Today Artificial Intelligence (AI) is a part of our day-to-day activities, and knowingly or unknowingly, it impacts our actions and decision-making. With the growing use of AI in almost all fields known to us, there is an increasing need for AI data governance to ensure data privacy, ethical use of data, and fairness and transparency.
AI governance basically refers to governing the ethical use, development, and deployment of AI technologies within an organization. There are generalized frameworks and tools to build and customize trustworthy AI systems for specific use cases. Why is AI governance important? Because it assists organizations to prevent biases, issues of fairness, and discrimination against customers and operate within legal regulations.
Why should an organization consider creating an AI data governance strategy?

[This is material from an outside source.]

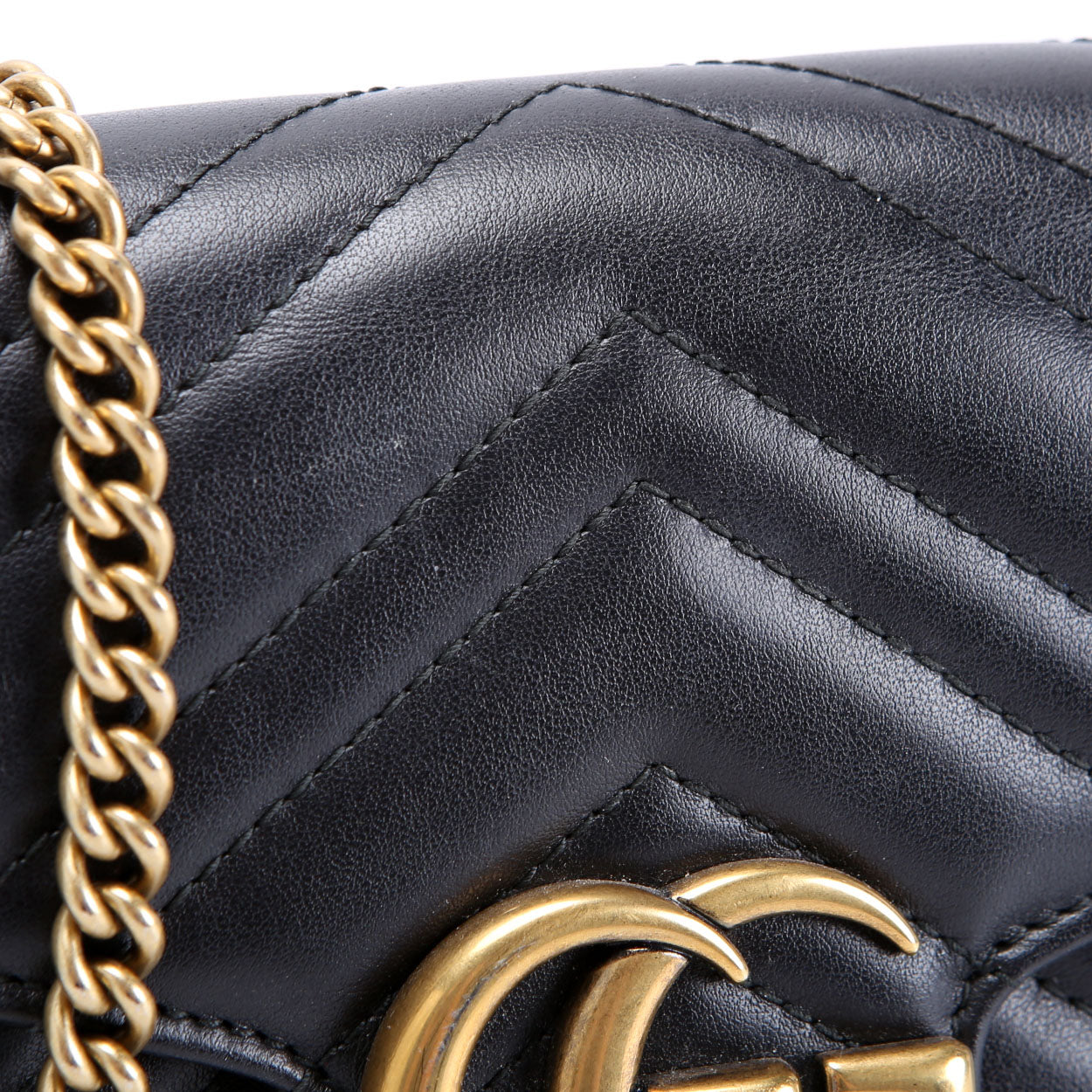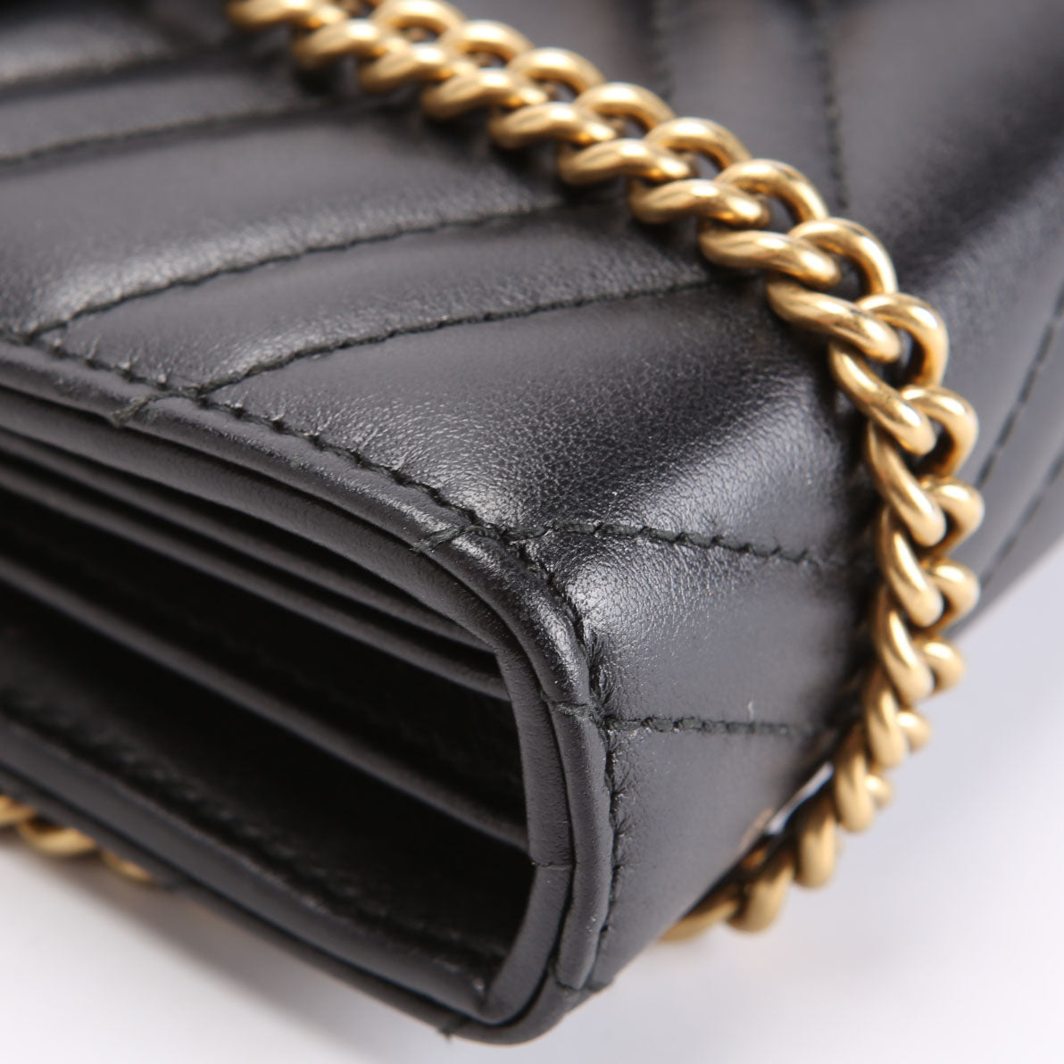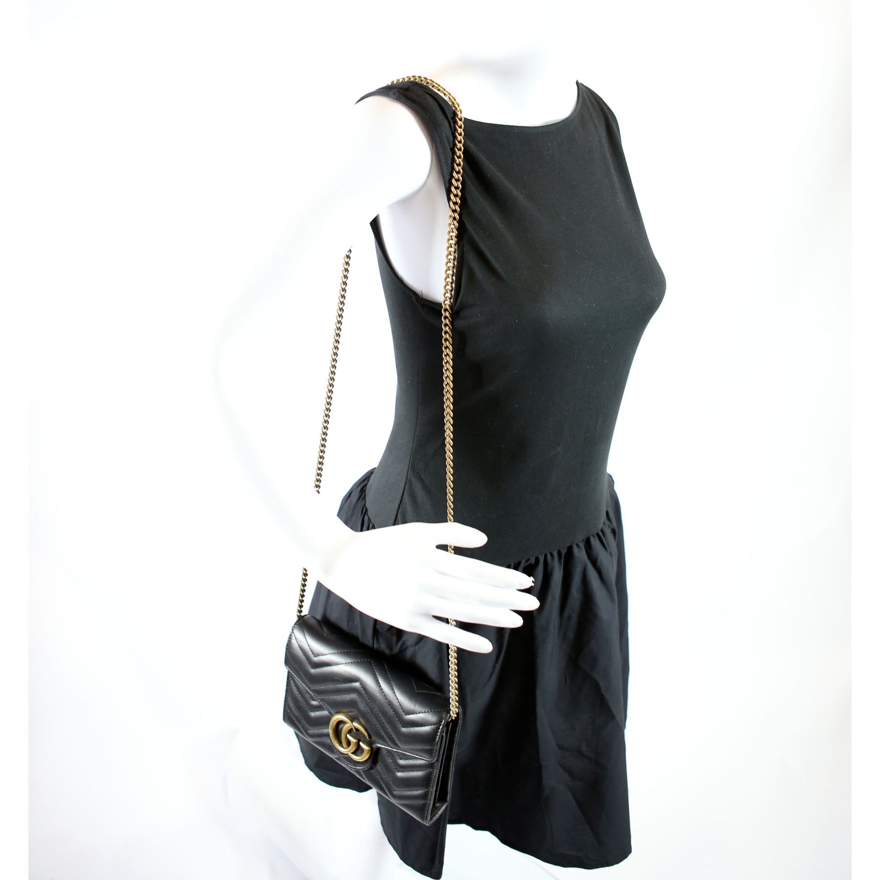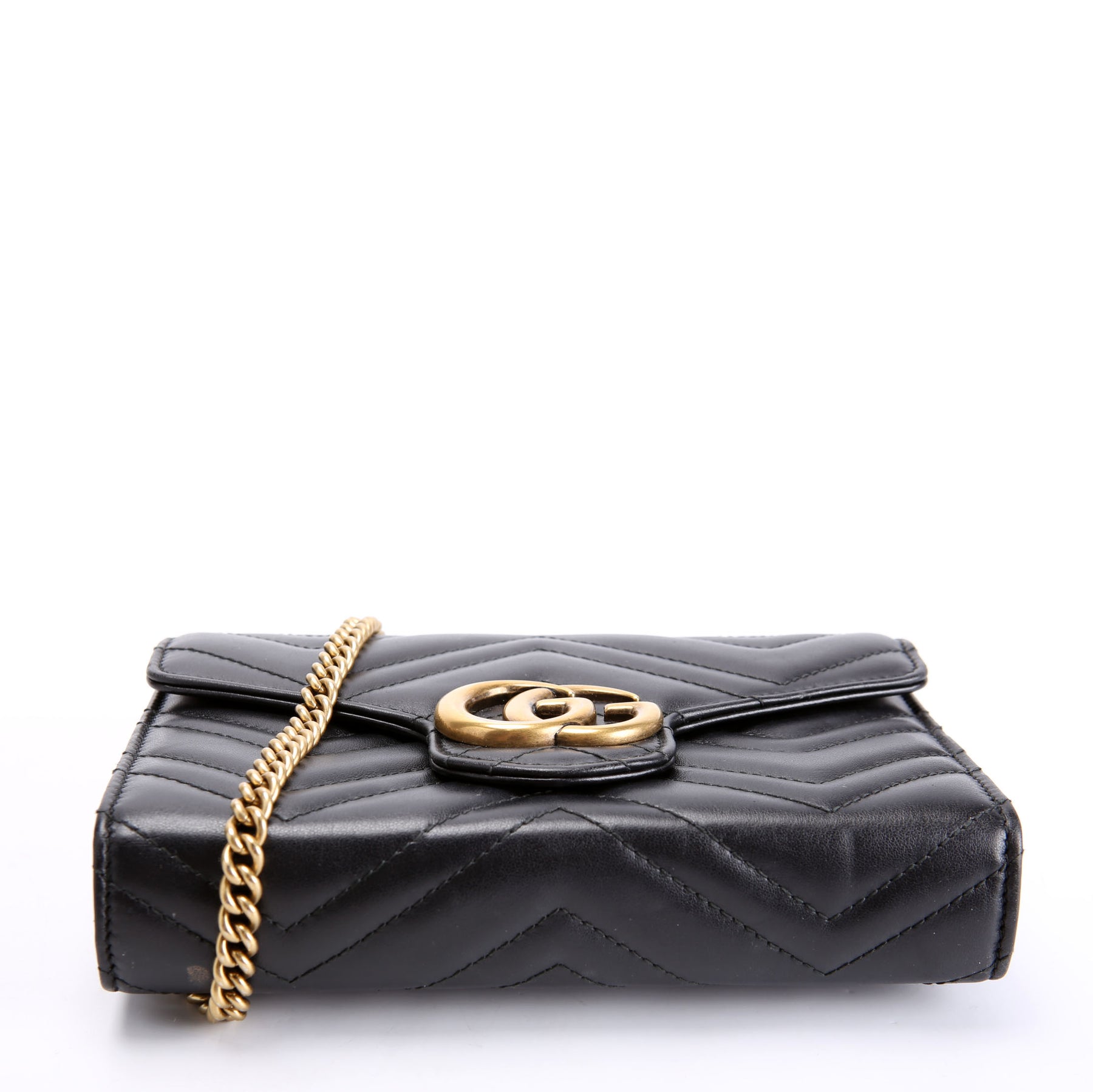 This pre-owned Gucci Marmont Chain Wallet is guaranteed 100% authentic. The exterior is in the classic Gucci Marmont leather.

- Ethical use of AI – While developing AI technologies within an AI data governance framework, AI engineers should develop AI systems that emphasize fair and unbiased decision-making. This ensures respect for human values and no discrimination based on age, gender, or ethnicity.

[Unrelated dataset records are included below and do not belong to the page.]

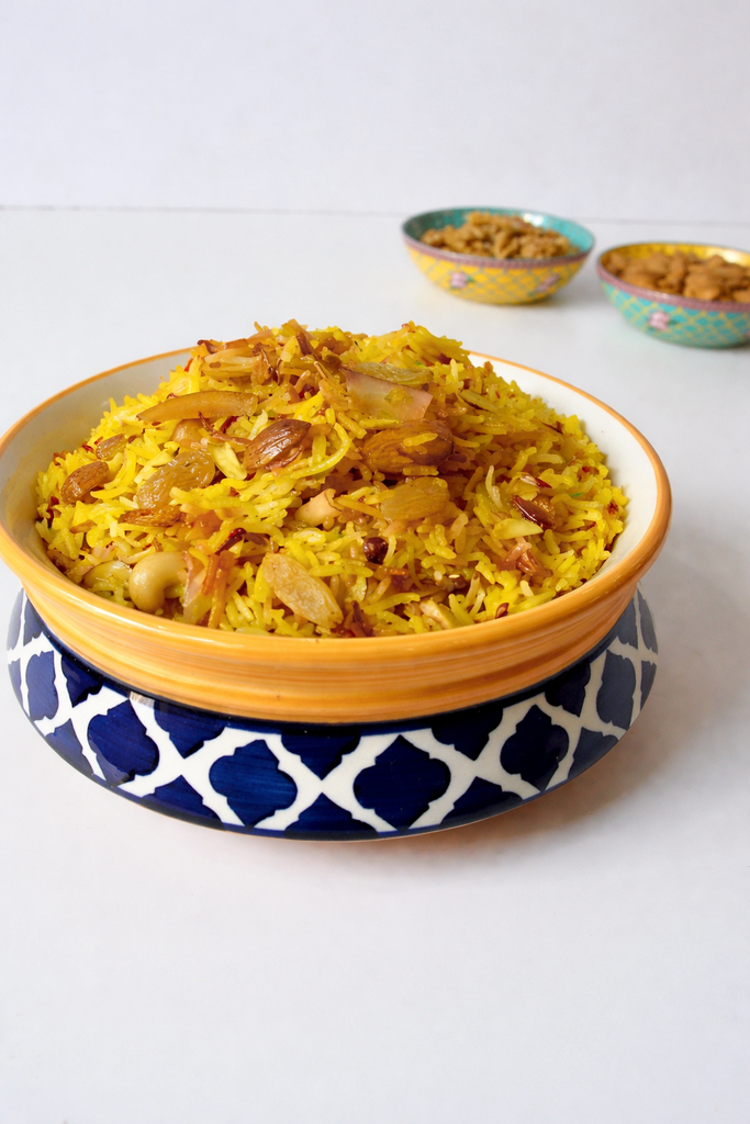 Celebrate Baisakhi with our special yellow coloured meethe chawal. They have the traditional flavours of saffron and cardamom and have lots of nutty dry fruits like almonds, raisins, cashews and coconut. The beautiful ceramic bowl makes it ideal to be carried as a gift for your celebrations.
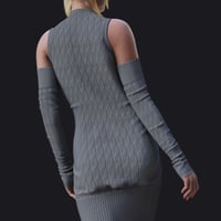 Complementing the dress are matching fingerless gloves made from the same cozy materials.
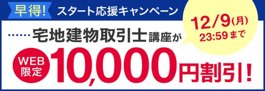 株式会社ユーキャンでは、2024年11月21日(木)よりWEB限定キャンペーンを開始しました。12月9日(月)まで、WEBからの受講限定で宅地建物取引士講座の受講料を10,000円割引いたします。
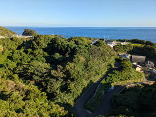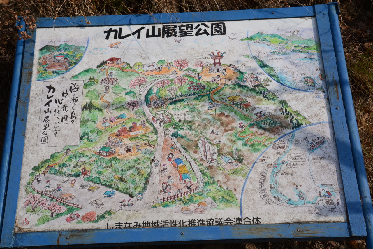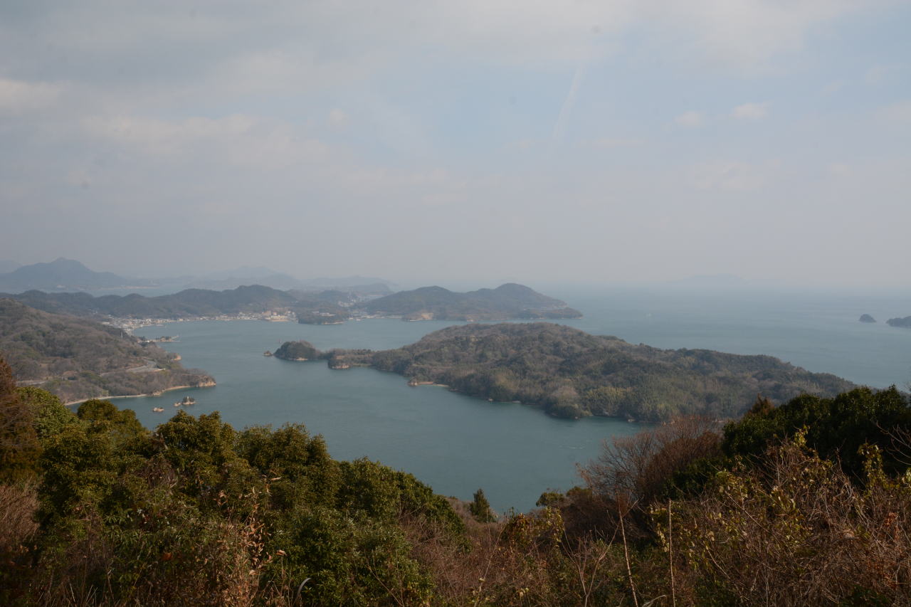 | 大島には二つの展望台があり、こちらカレイ山展望台は絶景だがさびれていた。 |

- Ensuring data privacy – AI systems process huge amounts of personal data that needs to be protected to respect an individual’s privacy. Using clean and organized data while processing for a certain activity will ensure that your organization complies with stringent regulations like HIPAA (Health Insurance Portability and Accountability Act) in the United States of America.
- Ensuring accountability – AI engineers need to develop AI systems that are trained to be responsible and transparent and prevent any errors in the decision-making process. Organizations and developers are accountable for the proper functioning of their AI systems that they have designed, developed, and deployed.
- Avoiding legal consequences – Organizations that prioritize safe use of sensitive information and adherence to data privacy laws safeguard themselves from legal consequences. There is always a risk of legal penalties and reputational damage when an organization fails to comply with existing and emerging regulations.
- You need to have traceability inside your model, depending on whether you’re using a statistics-based model or a deep learning model.
- You cannot deploy something by copying code; it has to be versioned, and as part of the versioning, you need to keep track of the expected input and output to have some fairness and bias quality scores for your data.
- Set up real-time monitoring to look for data drifts and get alerted when your accuracy or F1-score deviates.